Little David, age 3, with his wonderful big sister Helen (then age 17).

Meanwhile, reading is also important for peace of mind. Even if it riles incessantly at times, you learn. I have been a longtime reader of the “financials” and its world. It’s a personal curiosity that began when I had a rich uncle (rich for our circumstances) when I was a kid. He always got the Wall Street Journal. I was about twelve when I first picked it up to see what Unk was reading. I was looking for clues to a better life than the one I was experiencing back home.

Like a lot of American young men of my generation – I even had an early — very superficial –interest in the stock market for what it represented in the image of “financial stability.” In my late 20s, married and attempting to be stable and practical, I got a job as a Registered Rep at Harris, Upham & Company, an old line private stock brokerage firm.

I was a lousy salesman but loved learning about the markets, and the Money. I’ve never had a lot of money but markets are about The Money. Money is our common language — for all of us. It is the civilization we live in, and have lived in for many centuries, BC and AD. It’s our way of communicating about the essential needs in human life. And I am interested in all that it evokes, provokes and invokes in us.

Now, in these modern times, with all of the warnings we’re getting about our fiscal future, I recently discovered a website “Tom Dyson’s Postcards From The Fringe” Interestingly it doesn’t have anything to do with making money. It’s part of a larger site called Rogue Economics which also carries a financially-oriented site called Bill Bonner’s Diary which I’ve been reading regularly for years.
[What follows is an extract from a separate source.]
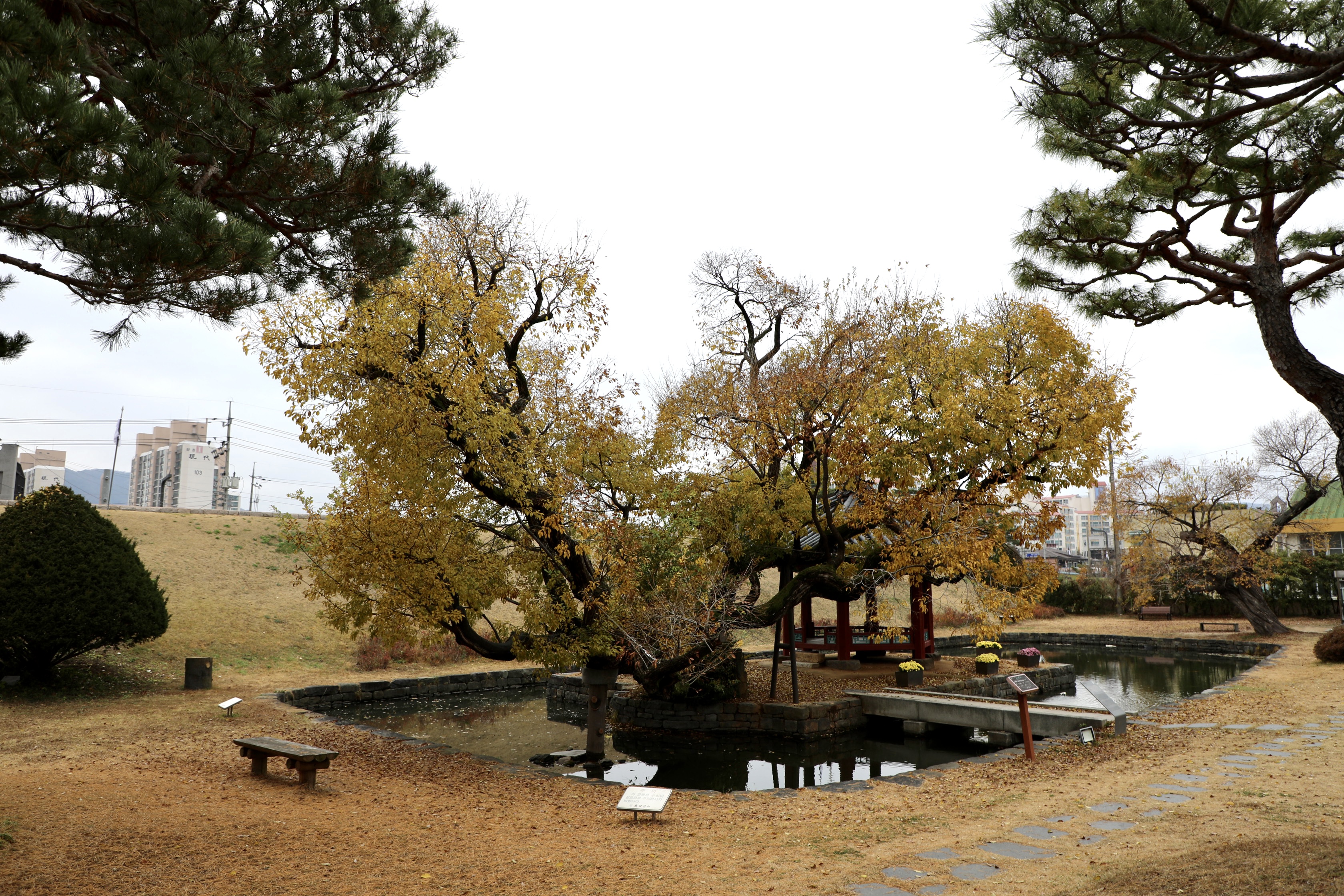 작은 연못 안 여하정과 느티나무의 조화가 아름답다.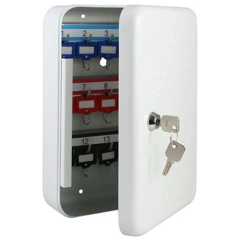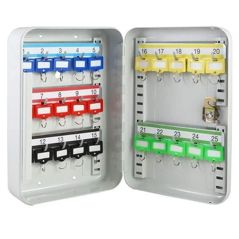 Der Schlüsselkasten besteht aus nahtlos gezogenem Stahl. Durch 3 Bohrungen in der Rückwand wird eine sichere Verankerung ermöglicht. Die kratzfeste Pulverbeschichtung ist in diskretem Lichtgrau gehalten. Im Lieferumfang befinden sich 25 farblich-sortierte Schlüsselanhänger.

The Dyson family, on the move again, here in the canyons of Utah.

Both sites are autobiographical as well as providing valuable thought and information about the state of our world. Tyson, who looks to be a man in his mid-40s, evidently very successful in the financial world, has been traveling with his wife and three young children (two boys and a girl) all over America, backroads especially. I think this is their third year of being vagabonds (while he’s looking after his financial interests which he includes in his copy). But what he has for me, and I’d guess most of his readers, is his travel stories. We’re traveling with him.
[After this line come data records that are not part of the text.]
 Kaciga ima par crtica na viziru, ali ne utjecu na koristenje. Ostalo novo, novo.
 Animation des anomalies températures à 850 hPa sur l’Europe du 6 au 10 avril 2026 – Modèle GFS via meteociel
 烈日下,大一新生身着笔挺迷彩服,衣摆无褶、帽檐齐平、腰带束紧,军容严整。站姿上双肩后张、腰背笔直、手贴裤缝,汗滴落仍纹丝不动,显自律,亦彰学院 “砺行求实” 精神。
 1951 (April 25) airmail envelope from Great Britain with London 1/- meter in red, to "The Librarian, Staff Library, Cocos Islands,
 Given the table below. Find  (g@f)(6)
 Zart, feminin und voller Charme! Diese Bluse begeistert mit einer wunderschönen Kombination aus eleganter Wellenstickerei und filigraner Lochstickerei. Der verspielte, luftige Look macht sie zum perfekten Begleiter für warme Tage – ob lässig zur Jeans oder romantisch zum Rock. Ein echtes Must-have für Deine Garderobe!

The descriptions are very down home — apt and realistic and an eye out always for the solace of nature’s beauty. It tugs on thoughts and dreams of adventure for us, Good Adventure. Reading it almost daily I am taking another trip (to calm the anxiety), an adventure where I find myself thinking of what a fascinating adventure to be on the road at this moment in America. For the Dysons it is freedom, the kind we grew up learning about. They see beauty and the real down-home world that most of us live in or would like tto live in.

Visit Tom Dyson’s Postcards From the Fringe.

More good news. Meanwhile, back here in little ole New York, Mother Nature’s gifts are bursting all over. Yesterday afternoon, I drove JH through my routes for the West Side (and Zabar’s) and back through the 86th (going west) and 79th Street (traveling east) transverses which are bursting with Mother Nature’s gifts right here in the middle of New York City. You can think for a moment you’re in another world, peaceful and fine.

I also learned exactly how quickly the transition from Fifth Avenue to Central Park West. About a minute and a half each way; a miracle in the town with millions of cars everywhere. Below we are traveling west on the 86th Street transverse to Central Park West.

Rain had been in the forecast, leaving us with a very dry day until about 5:30 in the afternoon, when I had stopped by JH’s building to drop off an envelope, and it came down. All at once. It poured for the better part of an hour, and then it stopped. An hour or so later I was at dinner — outside — with a friend. Perfect weather.